On the hottest summer day (and the temperature, like everything Californian, was generous—114 degrees in the shade being not at all unusual) they would strip themselves of all but their war paint and feathers, build a fire in a cave, and dance around it. These convolutions began slowly and rhythmically, gradually getting faster and faster, until, at the height of the ecstasy, with wild war whoops they would dash into the water of the McCloud River, whose average temperature was forty degrees.
One day, during work, a crowbar was needed. George Campbell, a Yankee whom I had heard was married to an Indian woman, came to me and asked if I would walk up to his home in the woods, a matter of nine miles, and fetch one down, telling me I could take my time and have breakfast with his family. I should have remembered one or two of George’s characteristics and been wary. He used to come in to meals, look his hands all over, and say: “Well, what won’t rub off won’t eat off.” Also, I remember one day noticing him scratch his thigh. I asked, “Got a flea?” He answered: “Flea? Think I’m a Digger Injun? No, it’s a louse.”

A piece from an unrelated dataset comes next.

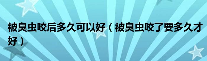 2、被臭虫叮咬后,身上会出现红色的丘疹,非常痒,称为丘疹性荨麻疹。好转的时间取决于一个人的皮肤对臭虫吐到皮肤里的唾液是否敏感,是否采取了有效的治疗。如果叮咬处非常痒而没有任何治疗,人们只会抓啊抓。这种情况下会愈合的非常慢,甚至有的人几个月都好不了,反而会形成痒疹,导致结节变硬,发痒。如果痘痘很小,痒的不是很厉害,不用挠就能控制住,这种过敏反应大概需要10天左右,痘痘就会慢慢消退。如果前期采取积极的治疗方法,如服用抗过敏药物抑制机体对昆虫唾液的过敏反应,同时涂抹有效的止痒抗过敏软膏进行治疗,也有可能2-3天后,臭虫叮咬引起的皮疹痊愈,自然恢复没有固定时间。要看个人皮肤的状况,皮损是否经常被抓挠和刺激。

However, I disregarded these small pleasantries and went for the crowbar. There on one side of the tepee was a dead fire, and in it sat the Indian grandmother, ninety years old, entirely naked, and spilling the ashes over her ugly, brown shriveled legs. Some distance away was the wife, rather good-looking, cooking salmon at another fire. When it was done she rubbed it up into meal which made a sort of pemmican when dry. In the large bowl, into which she put this when ground, sat a naked and very dirty baby, quietly amusing himself in the midst of the family dinner! I took my crowbar and departed breakfastless.
Henry Casey, a young architect from Richardson’s office in New York, was the cause of my going to the north of California. We met in San Francisco, where he was building some houses, and as the doctor had ordered him to lead an outdoor life, we planned to make a camp in the wilds. I went up in the spring and he joined me in August. Casey was suffering from tuberculosis, and the rough life and high altitude were supposed to be his only salvation. We were two foolish tenderfoot boys, and our amateur attempts were dramatic and almost disastrous—for Casey.
The camp—no tent or cabin, but only a brush shelter—was pitched in a curve of the falls of the McCloud River, which flowed through a gorge, making the volume of water deeper than it was wide. We planned to live by hunting and fishing, with the addition of one or two staple foods, and helped by the large bloodhound I had purchased in one of the towns. All went well for awhile until it began to rain; Casey came down with a violent attack of pleurisy, and our hunting dog proved to be the type that would run back three weeks into the past unless we pointed his nose in the right direction. Poor Casey! What he must have suffered, lying on that damp, improvised pallet with that terrible pain in his side! The rain did not stop for days. It streamed through the shelter, keeping everything eternally wet and all but put out the fire. I did the best I could. First I painted him with iodine, then, taking the gunny sacks in which we had brought food, I hung them (damp from the rain) on stakes about the flames, and clapped them steaming hot to the side of my pal until I absolutely scalded a square piece of flesh off his body. The doctor told me afterwards that it was the only thing that saved him.
For days the rainfall kept up, and it seemed as if the heavens were soon to fall. We were exhausted. Except for one partridge and a rabbit I had managed to kill, our food had been bacon, coffee, and bread of my manufacture. The wood was wet, and it was one man’s job to keep the fire going. Life to me was becoming a serious matter. If it had not been for abounding youth, I think I should have thrown up the sponge.... Then without any warning, the rain stopped.
I shall never forget the morning it cleared. I had been up for two nights and had snatched only an hour of sleep before dawn. Waking before six o’clock, I went down into the river cañon, unable to get the customary mental reaction from Nature’s vagaries. I was pretty tired and the sunlight did not cheer me. Sitting down on a rock in the river gorge, I gazed into the water. Then something turned my attention and, looking up quickly, I saw the picture. Snowcapped Shasta, which had shrunk like a corpse in the graying weather, suddenly towered like a giant, to meet the rosy dawn, and, proud in its setting of the river of low oxidized silver, it rose (as do certain flowers), seeming to unfold on their stems to say “good-morning” to the sun.
Those lines of Tennyson came back:
And on the glimmering limit far withdrawn
God made himself an awful rose of dawn.